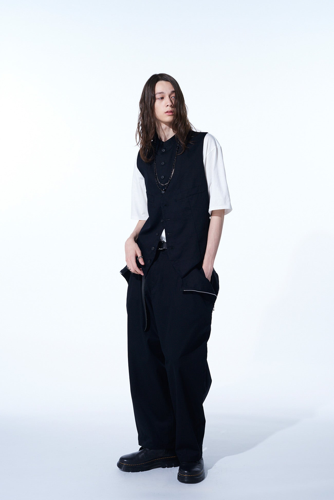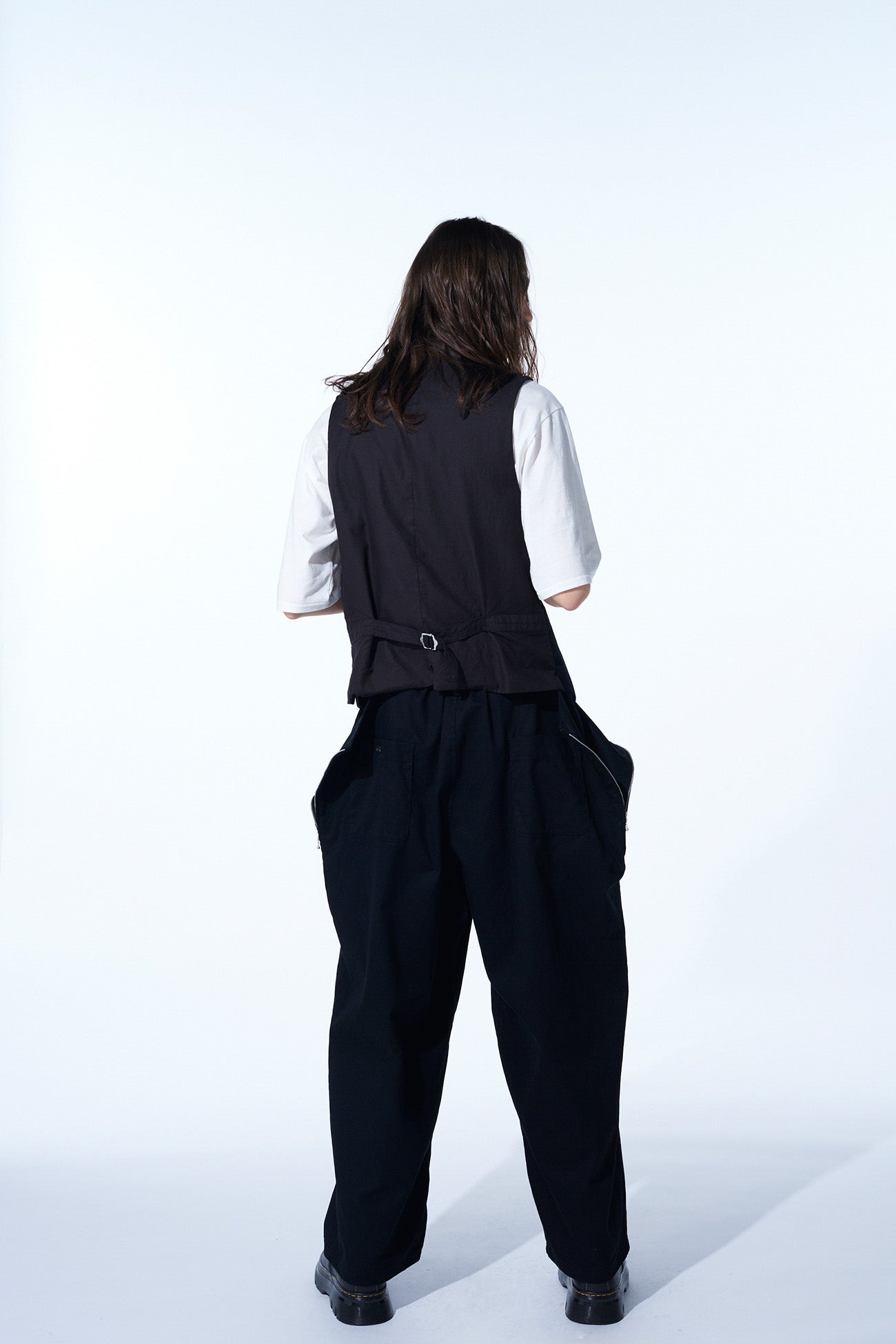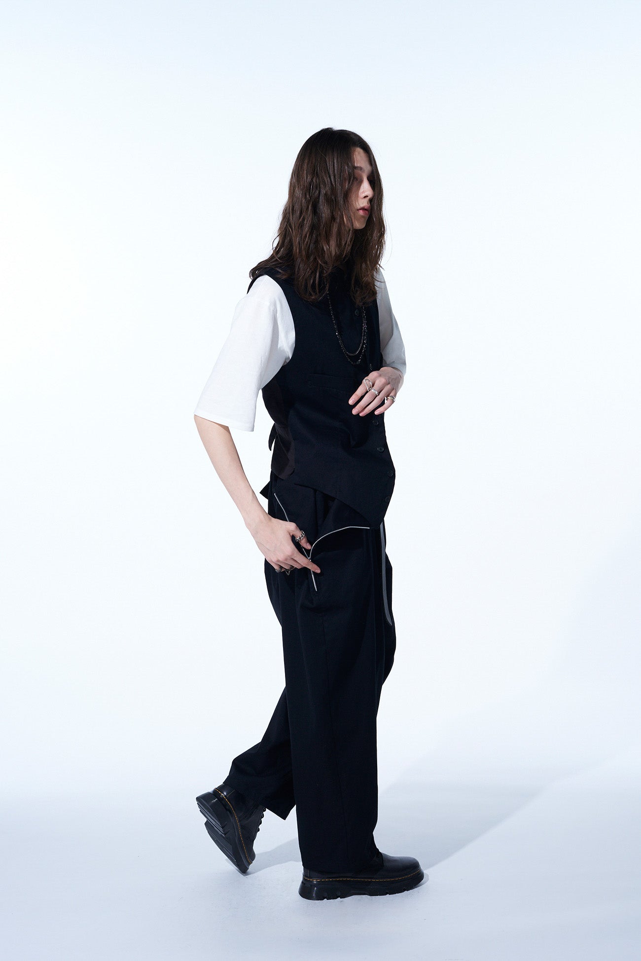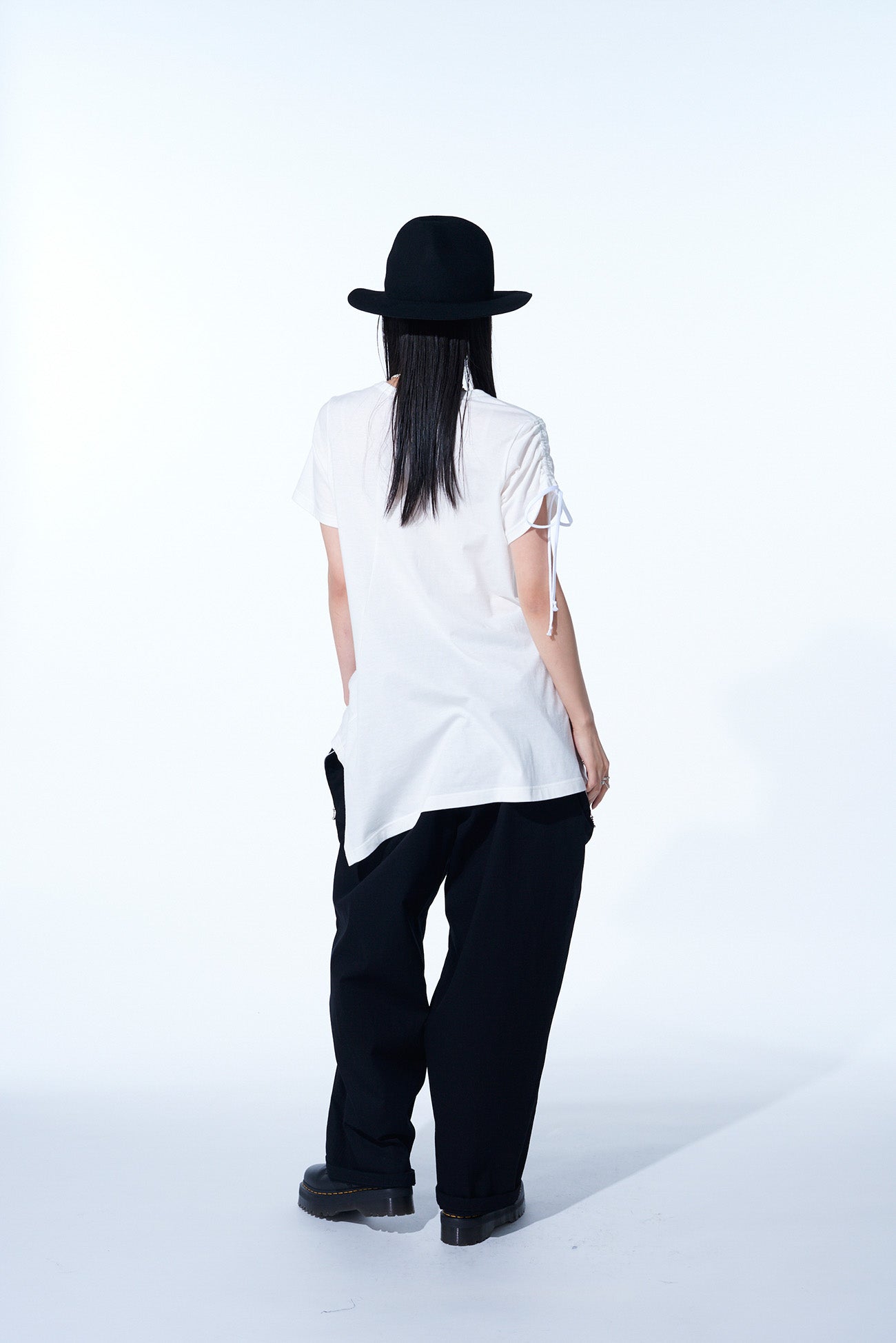 COTTON TWILL DRAWSTRING WIDE PANTS WITH ZIP SIDE POCKET
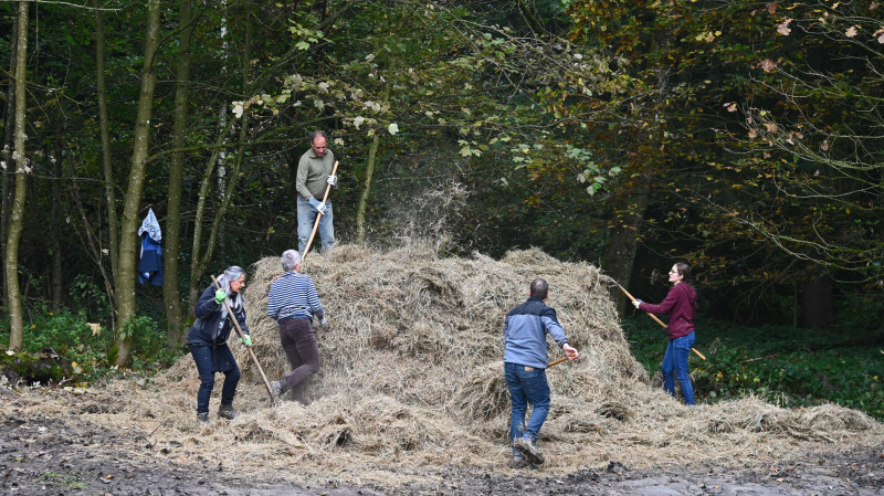 Da es sich um die Wiederherstellung eines bestehenden Stillgewässers handelte, ging alles sehr rasch. Der Bagger der Firma Risi ist Anfang Oktober aufgefahren, um den Weiher wieder in Form zu bringen. Dabei wurde das Gewässer wieder geöffnet und darum herum grosszügig Gehölz entfernt. Mit der Ausbildung von Flachwasserzonen gibt es nun Bereiche, wo sich das Wasser schneller erwärmt. Etwas, das Amphibien, wie etwa Wasserfrosch, Berg- und Fadenmolch besonders lieben. Mitte Oktober packten die Mitglieder des Vereins NaturMichelsamt selbst zu, um Kleinstrukturen für verschiedene Tierarten zu realisieren. Sie platzierten Nistmöglichkeiten für höhlenbrütende Vögel und Quartiere für Fledermäuse. Entlang dem Waldrand bauten sie zwei Wieselburgen, die dem geschickten Mäusejäger, trockene und vor Feinden geschützte Jugendstuben bieten. Sie schichteten einen Heuhaufen mit unbelastetem Schnittgut, wo die Ringelnatter optimale Voraussetzungen vorfindet, um ab dem kommenden Mai ihre Eier abzulegen. Zusätzlich wird der Verein im November ortstypische Sträucher – u.a. Schwarzdorn, Kornelkirsche, Pfaffenhütchen und Wildrosen pflanzen.
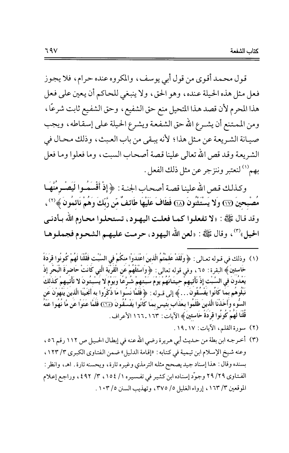 وكذلك قص الله علينا قصة أصحاب الجنة: {إذ أقسموا ليصر منها مصبحين {17} ولا يستثنون {18} فطاف عليها طائف من ربك وهم نائمون}، وقد قال - صلى الله عليه وسلم -: "لا تفعلوا كما فعلت اليهود، تستحلوا محارم الله بأدنى الحيل"، وقال - صلى الله عليه وسلم -: "لعن الله اليهود، حرمت عليهم الشحوم فجملوها
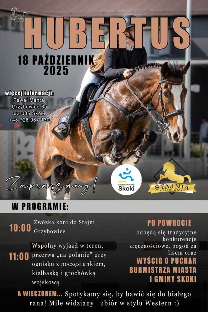 Serdecznie zapraszamy mieszkańców Miasta i Gminy Skoki na wyjątkowe wydarzenie – Hubertusa 2025, organizowane przez Stajnię Grzybowice oraz naszą gminę. To tradycyjne święto, które odbywa się w dniu patrona myśliwych – świętego Huberta, jest doskonałą okazją do radowania się z przyrody, wspólnego spędzenia czasu oraz pielęgnowania bogatych tradycji związanych z jeździectwem i myślistwem. W tym roku Hubertus odbędzie się w sobotę, 18 października, rozpoczniemy o godzinie 10:00 w Stajni Grzybowice.
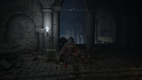 В стартовой области рядом с местом благодати «Плавучее кладбище» можно обнаружить статую клыкастого беса и туманную завесу. Взаимодействовав с каменным изваянием, вы узнаете, что вам требуется мечевидный ключ, чтобы убрать преграду. Если вы взяли эти ключики в качестве стартовой реликвии, то просто воспользуйтесь ими. В ином случае вам придется вначале отыскать их в других локациях.
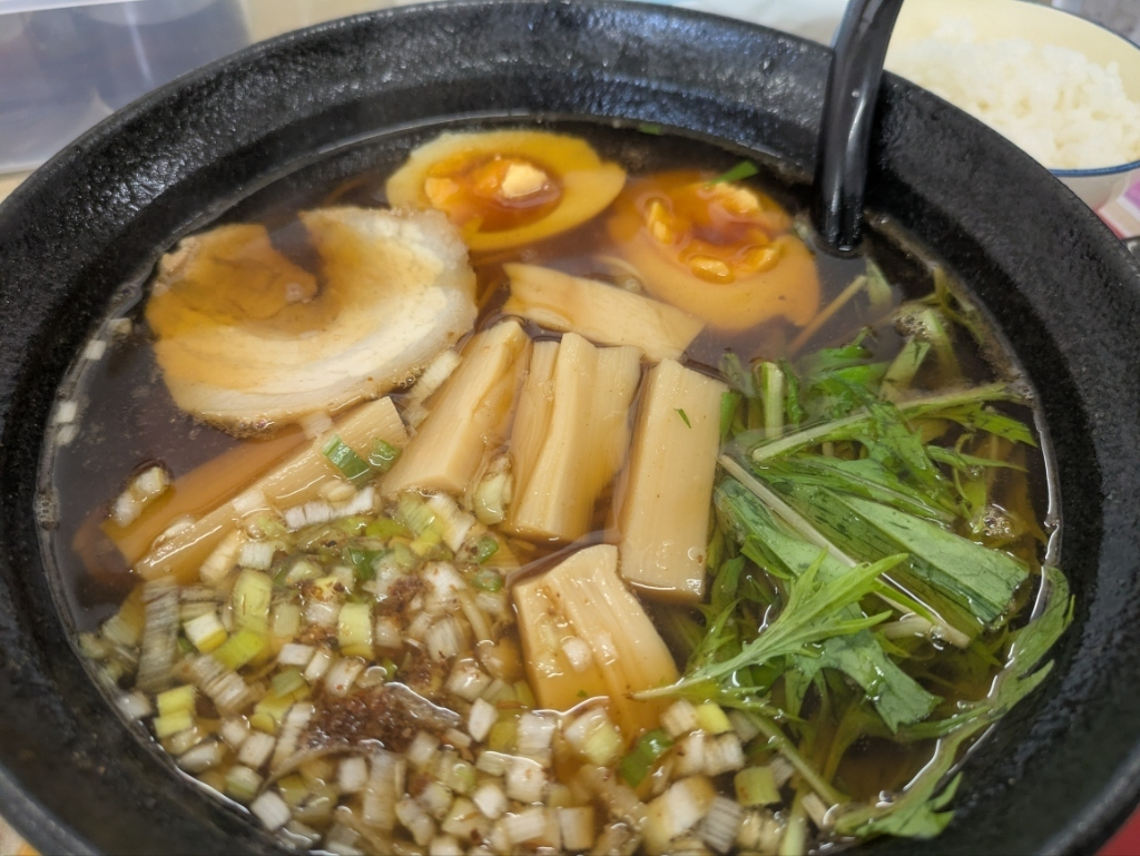 「うめばち屋」は、松任駅近くにある知る人ぞ知る隠れ家的ラーメン店。店主が一人で切り盛りするアットホームなお店で、手作りのスープと具材にこだわっています。人気メニューの「中華そば」は、あっさりとした醤油ベースでどこか懐かしい味わい。スープの透明感と優しい口当たりが特徴です。店内はカウンター中心の落ち着いた空間で、地元の常連が通う“穴場的存在”。派手さはないものの、温かみのあるラーメンが心に残る一杯です。
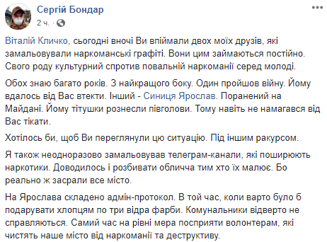"Виталий Кличко, сегодня ночью Вы поймали двух моих друзей, которые зарисовывали наркоманские граффити. Они этим занимаются постоянно. Своего рода культурное сопротивление повальной наркомании среди молодежи.
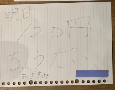 わざわざ手紙でお小遣いを要求してきました。
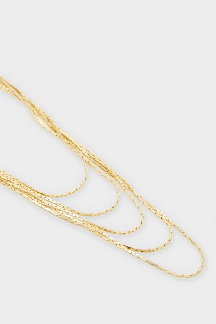Collar bañado en oro formado por varias cadenas finas. Cierre grabado con logo PG.
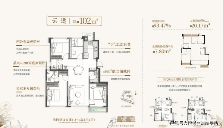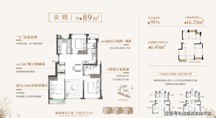 建发璞云凭借新规迭代+户型优化,户户约90%综合使用率,82-89平做到3房2卫,102-113平做到4房2卫,功能性和舒适性更强!
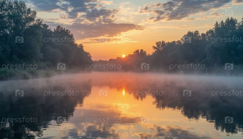 Прекрасный закат над рекой, летний пейзаж. Сгенерированный ИИ
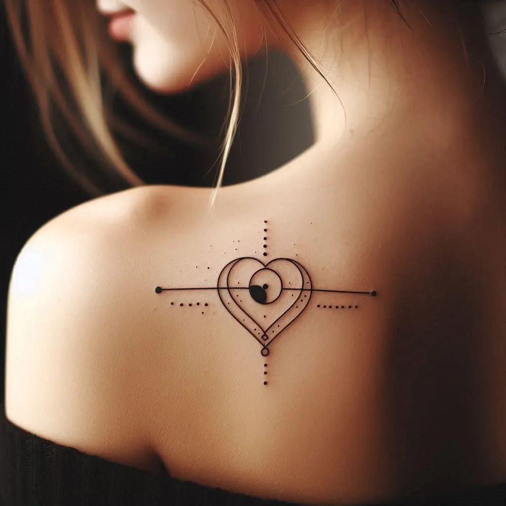 Tattoo Meaning: A heart represents love, passion, and connection. Geometric shapes symbolize balance and symmetry.
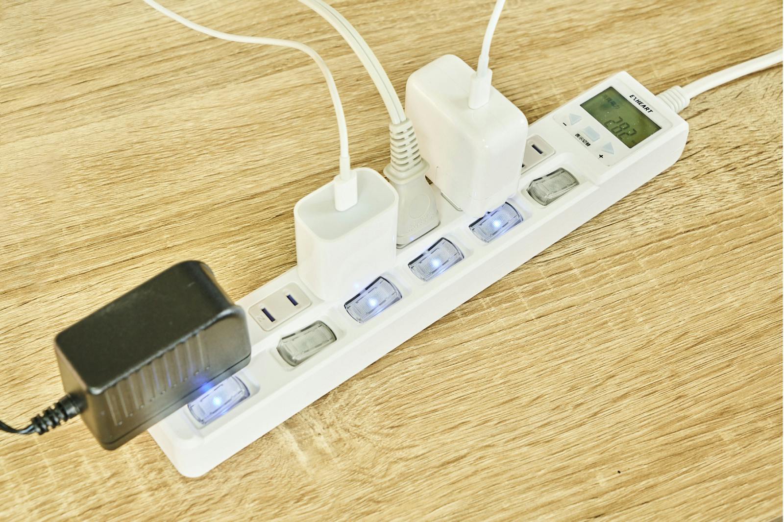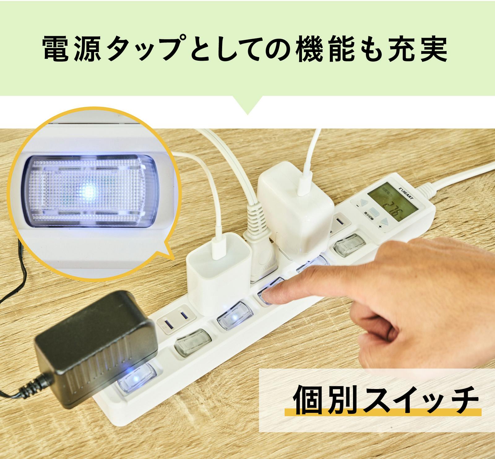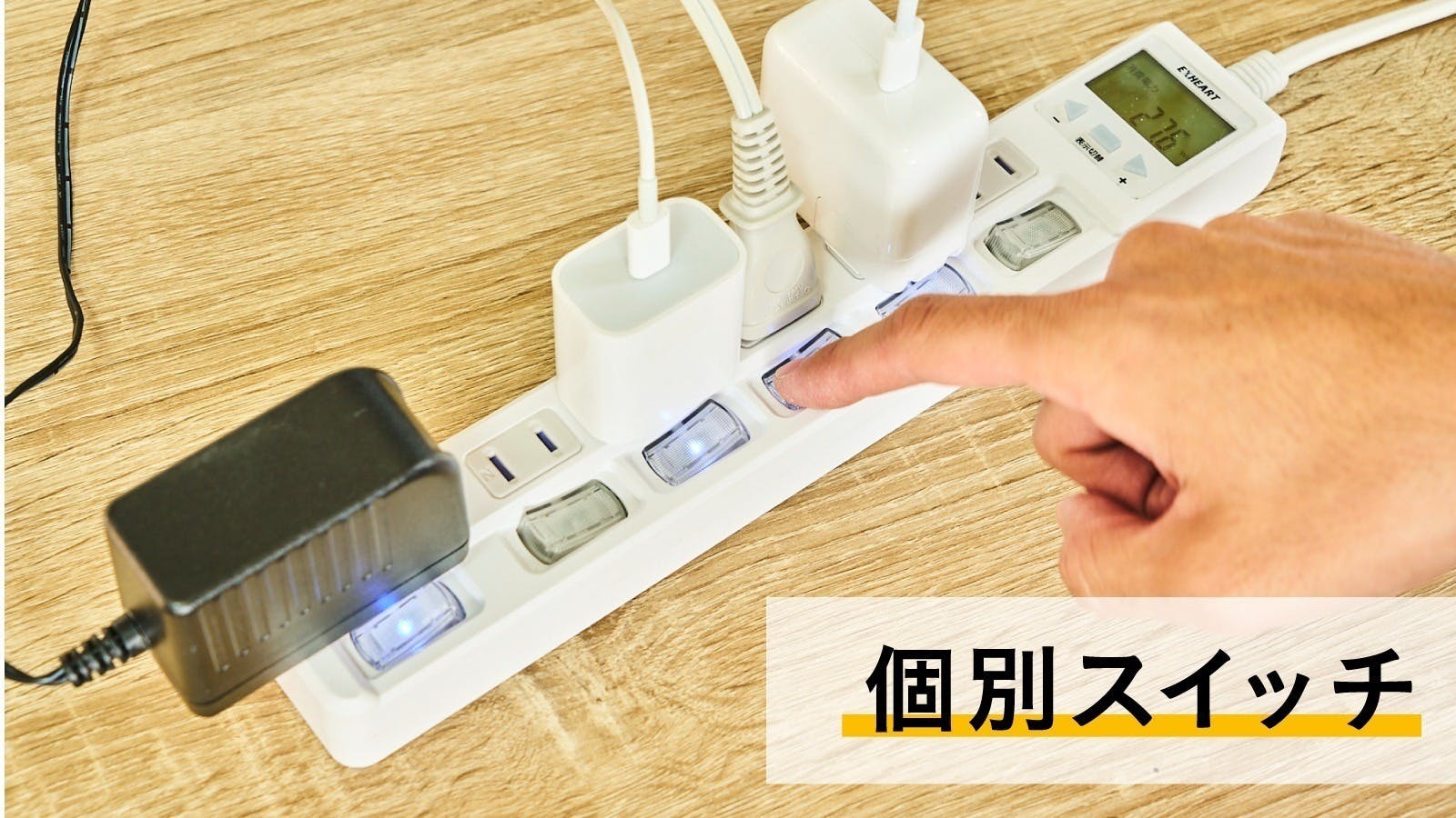 使用している電化製品それぞれの通電状況が分かる個別スイッチを搭載。待機電力の把握も可能です。

▸ **To do**: Leave the pictures out and reproduce exactly the lines from the line with "Tattoo Meaning: A" to the end of the material above.

▸ **Expected answer**:
 Tattoo Meaning: A heart represents love, passion, and connection. Geometric shapes symbolize balance and symmetry.
 使用している電化製品それぞれの通電状況が分かる個別スイッチを搭載。待機電力の把握も可能です。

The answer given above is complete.